EXERCISE AIM: In the records below, reproduce exactly the lines from the one containing "change stucco to" through the one containing "(1) بل من الواجب", both included, and omit the pictures.

DATASET:
-- Opening Marker --

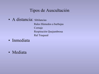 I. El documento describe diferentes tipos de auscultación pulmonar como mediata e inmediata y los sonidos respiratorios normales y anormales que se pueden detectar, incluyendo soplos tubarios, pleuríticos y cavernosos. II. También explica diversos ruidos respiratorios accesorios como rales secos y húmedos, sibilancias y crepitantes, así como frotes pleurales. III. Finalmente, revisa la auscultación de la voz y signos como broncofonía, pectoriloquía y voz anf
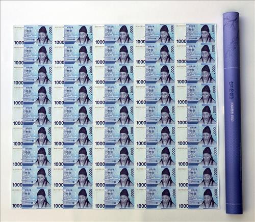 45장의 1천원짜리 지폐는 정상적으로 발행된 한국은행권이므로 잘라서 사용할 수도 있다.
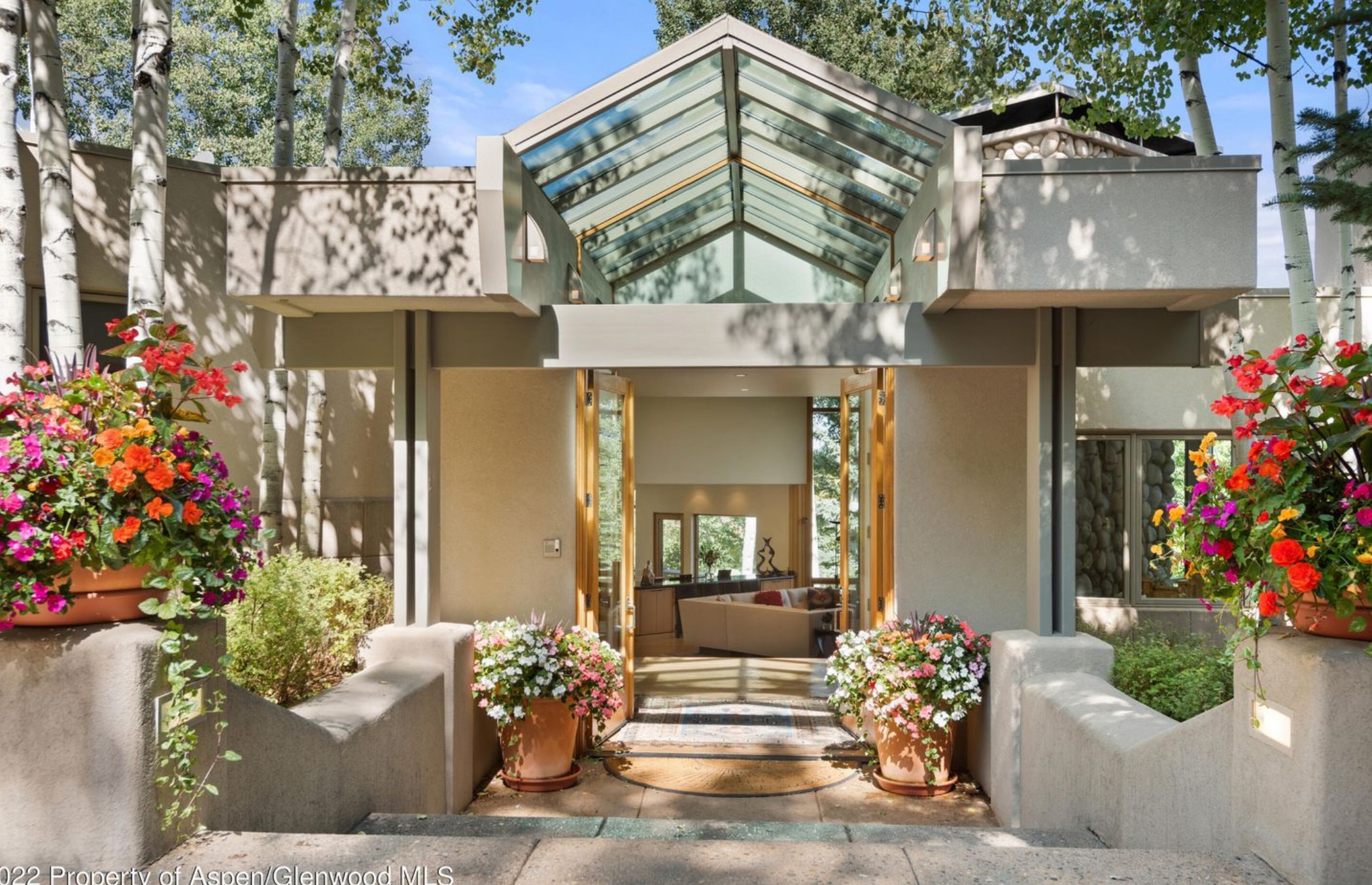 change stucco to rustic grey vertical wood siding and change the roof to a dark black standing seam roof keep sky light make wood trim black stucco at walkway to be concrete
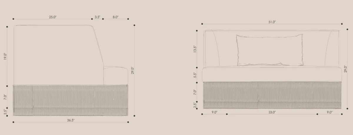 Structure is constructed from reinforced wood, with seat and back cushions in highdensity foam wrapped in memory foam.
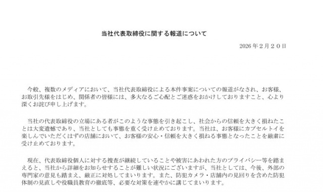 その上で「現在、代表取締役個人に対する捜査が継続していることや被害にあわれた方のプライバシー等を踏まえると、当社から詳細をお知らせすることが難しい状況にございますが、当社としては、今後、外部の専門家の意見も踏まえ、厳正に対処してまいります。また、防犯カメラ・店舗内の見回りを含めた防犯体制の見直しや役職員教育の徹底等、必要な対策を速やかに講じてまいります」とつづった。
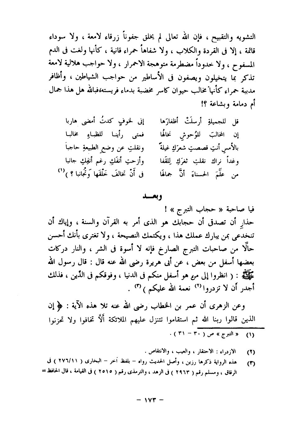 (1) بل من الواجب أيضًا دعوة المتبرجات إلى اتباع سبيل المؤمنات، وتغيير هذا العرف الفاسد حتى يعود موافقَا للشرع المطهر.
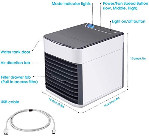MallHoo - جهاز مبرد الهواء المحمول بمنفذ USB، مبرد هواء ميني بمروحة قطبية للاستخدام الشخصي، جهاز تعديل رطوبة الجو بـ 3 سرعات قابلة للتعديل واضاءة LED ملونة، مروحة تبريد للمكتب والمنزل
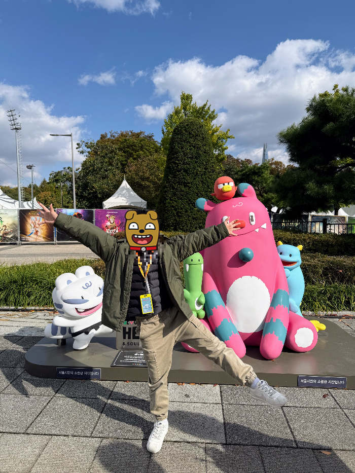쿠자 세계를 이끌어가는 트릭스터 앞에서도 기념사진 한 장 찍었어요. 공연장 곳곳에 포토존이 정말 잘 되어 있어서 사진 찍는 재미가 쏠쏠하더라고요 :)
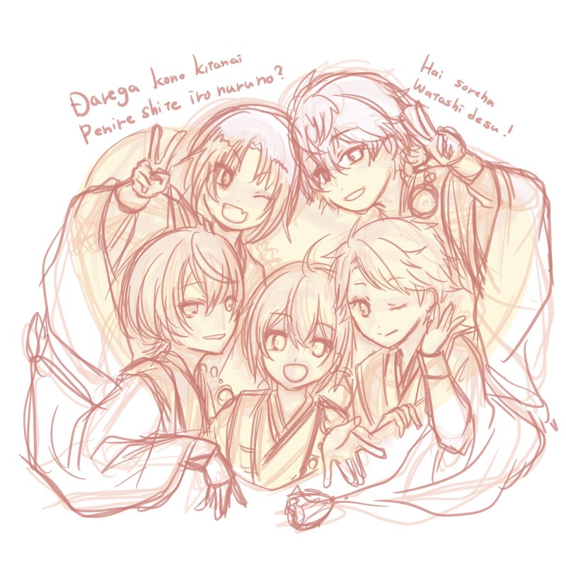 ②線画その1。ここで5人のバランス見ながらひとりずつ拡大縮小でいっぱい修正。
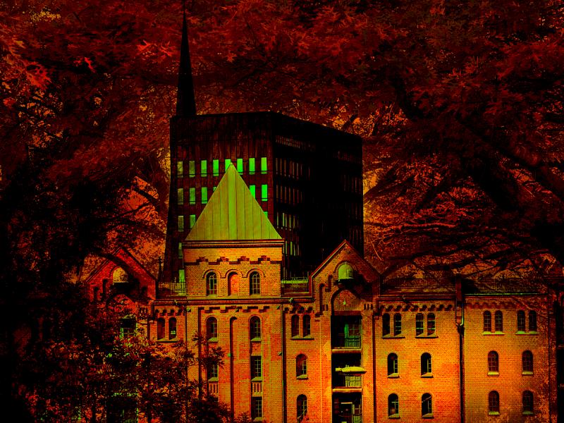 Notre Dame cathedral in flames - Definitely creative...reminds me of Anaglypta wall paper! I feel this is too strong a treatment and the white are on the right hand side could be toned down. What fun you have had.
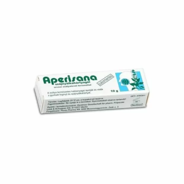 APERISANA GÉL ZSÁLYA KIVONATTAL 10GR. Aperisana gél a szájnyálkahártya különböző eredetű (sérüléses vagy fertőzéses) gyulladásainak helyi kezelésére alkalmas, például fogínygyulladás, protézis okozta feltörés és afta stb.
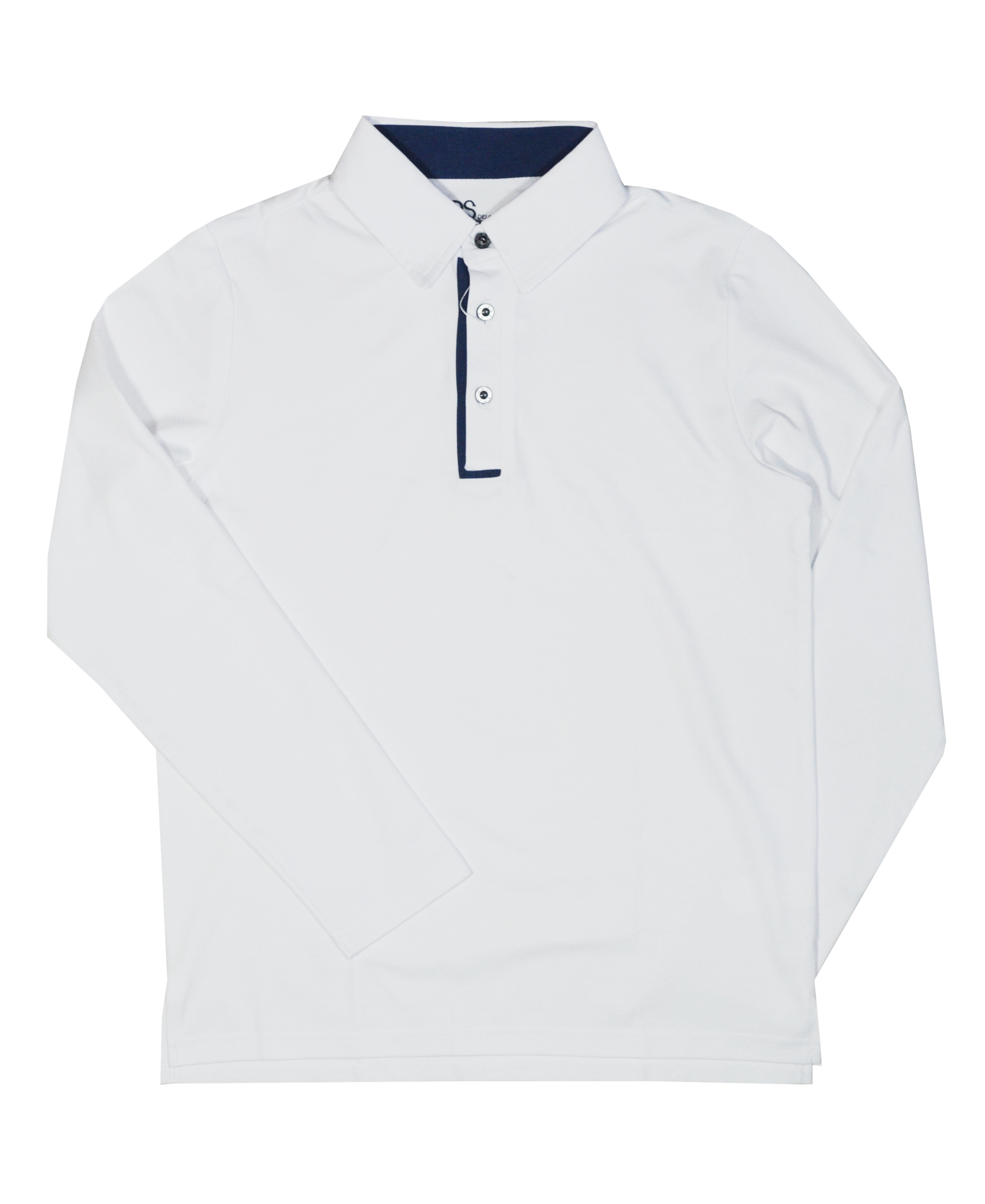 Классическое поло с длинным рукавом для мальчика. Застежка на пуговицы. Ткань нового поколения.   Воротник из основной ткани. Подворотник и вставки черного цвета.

-- Closing Marker --
-- Opening Marker --

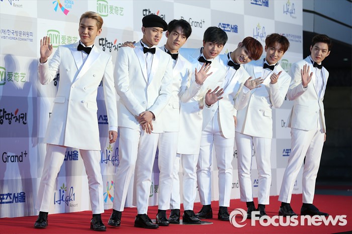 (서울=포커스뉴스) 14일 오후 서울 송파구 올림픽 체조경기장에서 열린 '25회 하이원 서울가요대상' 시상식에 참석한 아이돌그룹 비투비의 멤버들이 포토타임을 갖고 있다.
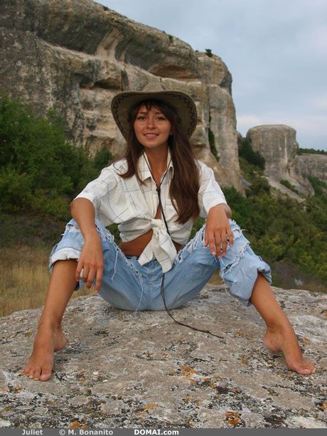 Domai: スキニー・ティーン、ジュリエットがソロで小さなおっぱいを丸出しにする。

-- Closing Marker --
-- Opening Marker --

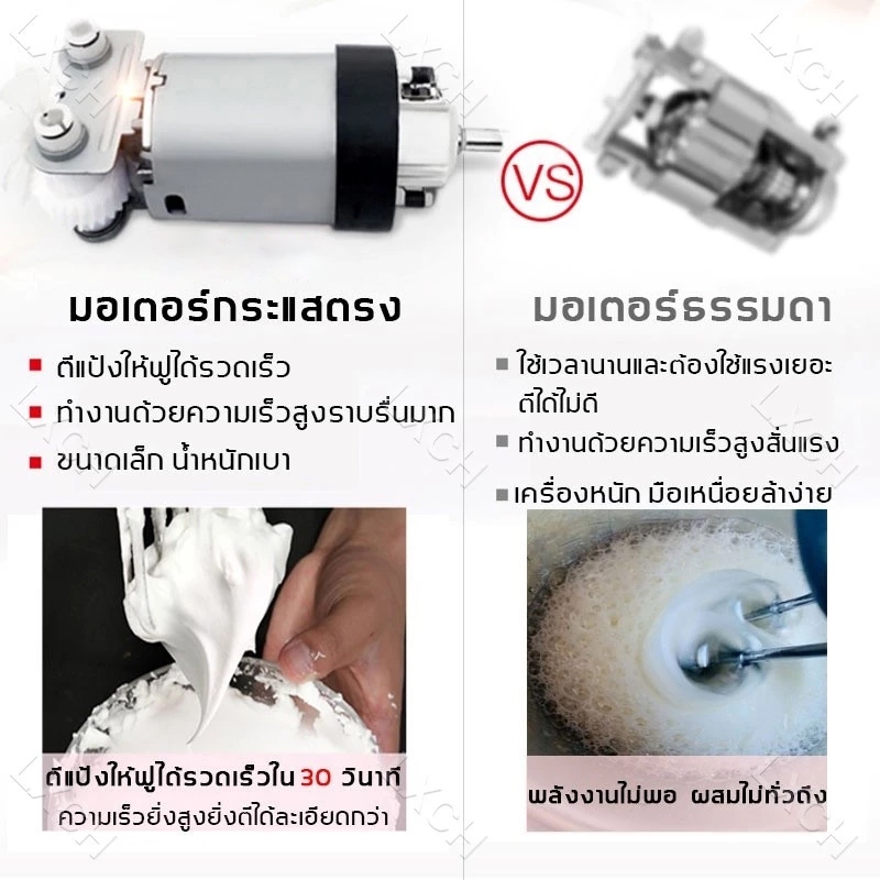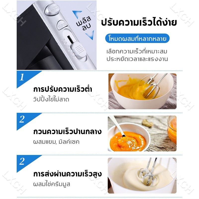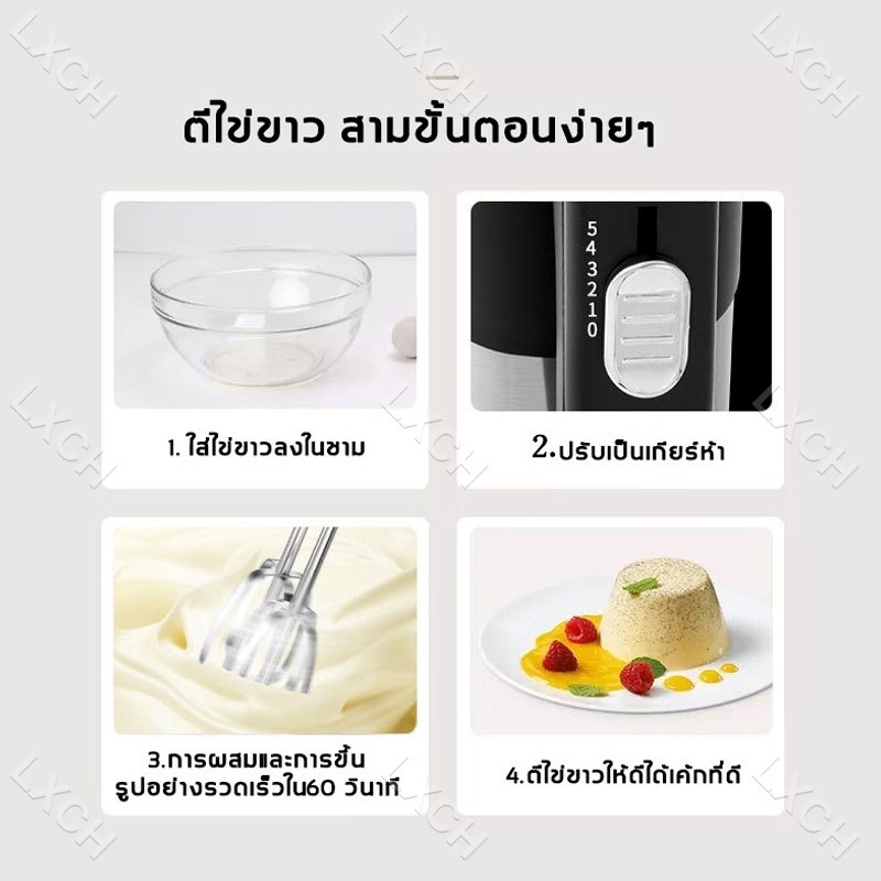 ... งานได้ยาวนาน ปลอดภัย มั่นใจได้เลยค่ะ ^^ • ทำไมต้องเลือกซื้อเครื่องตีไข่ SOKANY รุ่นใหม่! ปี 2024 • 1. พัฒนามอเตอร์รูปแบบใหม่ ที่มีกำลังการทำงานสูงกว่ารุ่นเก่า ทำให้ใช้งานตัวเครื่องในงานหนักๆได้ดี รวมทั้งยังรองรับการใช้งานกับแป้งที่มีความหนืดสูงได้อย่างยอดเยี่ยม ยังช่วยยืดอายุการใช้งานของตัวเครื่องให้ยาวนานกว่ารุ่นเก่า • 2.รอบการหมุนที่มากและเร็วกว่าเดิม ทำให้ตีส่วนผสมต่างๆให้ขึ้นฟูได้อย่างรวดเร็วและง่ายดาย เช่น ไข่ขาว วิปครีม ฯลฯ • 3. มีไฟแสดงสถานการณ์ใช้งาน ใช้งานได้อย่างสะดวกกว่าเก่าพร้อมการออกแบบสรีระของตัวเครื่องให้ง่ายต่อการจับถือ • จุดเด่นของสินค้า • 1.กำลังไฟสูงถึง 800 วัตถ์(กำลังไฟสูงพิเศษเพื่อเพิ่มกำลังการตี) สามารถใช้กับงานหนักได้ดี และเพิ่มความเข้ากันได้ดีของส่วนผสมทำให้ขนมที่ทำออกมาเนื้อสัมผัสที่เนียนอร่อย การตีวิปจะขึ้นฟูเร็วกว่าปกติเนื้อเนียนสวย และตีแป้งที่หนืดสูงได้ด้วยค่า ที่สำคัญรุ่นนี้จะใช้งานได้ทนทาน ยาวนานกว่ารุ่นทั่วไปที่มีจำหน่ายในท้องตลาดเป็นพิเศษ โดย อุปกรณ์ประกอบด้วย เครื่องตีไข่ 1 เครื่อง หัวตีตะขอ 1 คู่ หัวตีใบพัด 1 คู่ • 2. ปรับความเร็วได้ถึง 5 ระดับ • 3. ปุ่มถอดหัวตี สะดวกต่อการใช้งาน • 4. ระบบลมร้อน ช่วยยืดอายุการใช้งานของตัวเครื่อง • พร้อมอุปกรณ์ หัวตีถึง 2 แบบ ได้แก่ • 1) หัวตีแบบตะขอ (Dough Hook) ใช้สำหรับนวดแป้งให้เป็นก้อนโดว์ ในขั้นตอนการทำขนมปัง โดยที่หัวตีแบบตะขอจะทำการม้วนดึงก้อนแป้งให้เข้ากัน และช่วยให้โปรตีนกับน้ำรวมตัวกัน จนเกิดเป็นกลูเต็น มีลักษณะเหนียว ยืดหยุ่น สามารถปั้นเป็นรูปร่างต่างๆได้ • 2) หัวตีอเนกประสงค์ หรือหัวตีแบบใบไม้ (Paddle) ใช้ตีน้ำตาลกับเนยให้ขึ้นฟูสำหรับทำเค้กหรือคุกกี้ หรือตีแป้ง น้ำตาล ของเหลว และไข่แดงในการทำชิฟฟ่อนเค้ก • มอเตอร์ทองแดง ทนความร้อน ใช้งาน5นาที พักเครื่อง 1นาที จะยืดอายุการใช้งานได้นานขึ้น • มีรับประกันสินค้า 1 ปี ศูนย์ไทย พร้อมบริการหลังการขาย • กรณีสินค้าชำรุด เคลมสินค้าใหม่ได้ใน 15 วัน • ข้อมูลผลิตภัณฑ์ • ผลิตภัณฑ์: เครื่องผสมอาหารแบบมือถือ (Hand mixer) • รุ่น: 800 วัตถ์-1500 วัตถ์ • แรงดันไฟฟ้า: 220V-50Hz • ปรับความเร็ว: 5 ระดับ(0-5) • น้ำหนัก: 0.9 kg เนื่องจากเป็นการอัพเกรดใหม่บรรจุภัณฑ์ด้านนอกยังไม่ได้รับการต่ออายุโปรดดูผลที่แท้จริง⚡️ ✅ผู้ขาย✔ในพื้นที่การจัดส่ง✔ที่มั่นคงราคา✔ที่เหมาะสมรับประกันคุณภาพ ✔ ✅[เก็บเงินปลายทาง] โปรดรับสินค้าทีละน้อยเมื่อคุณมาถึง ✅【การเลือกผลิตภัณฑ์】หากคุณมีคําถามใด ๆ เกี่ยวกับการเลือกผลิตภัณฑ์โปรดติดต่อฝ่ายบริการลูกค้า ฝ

-- Closing Marker --

RESPONSE FOR THIS EXERCISE:
 change stucco to rustic grey vertical wood siding and change the roof to a dark black standing seam roof keep sky light make wood trim black stucco at walkway to be concrete
 Structure is constructed from reinforced wood, with seat and back cushions in highdensity foam wrapped in memory foam.
 その上で「現在、代表取締役個人に対する捜査が継続していることや被害にあわれた方のプライバシー等を踏まえると、当社から詳細をお知らせすることが難しい状況にございますが、当社としては、今後、外部の専門家の意見も踏まえ、厳正に対処してまいります。また、防犯カメラ・店舗内の見回りを含めた防犯体制の見直しや役職員教育の徹底等、必要な対策を速やかに講じてまいります」とつづった。
 (1) بل من الواجب أيضًا دعوة المتبرجات إلى اتباع سبيل المؤمنات، وتغيير هذا العرف الفاسد حتى يعود موافقَا للشرع المطهر.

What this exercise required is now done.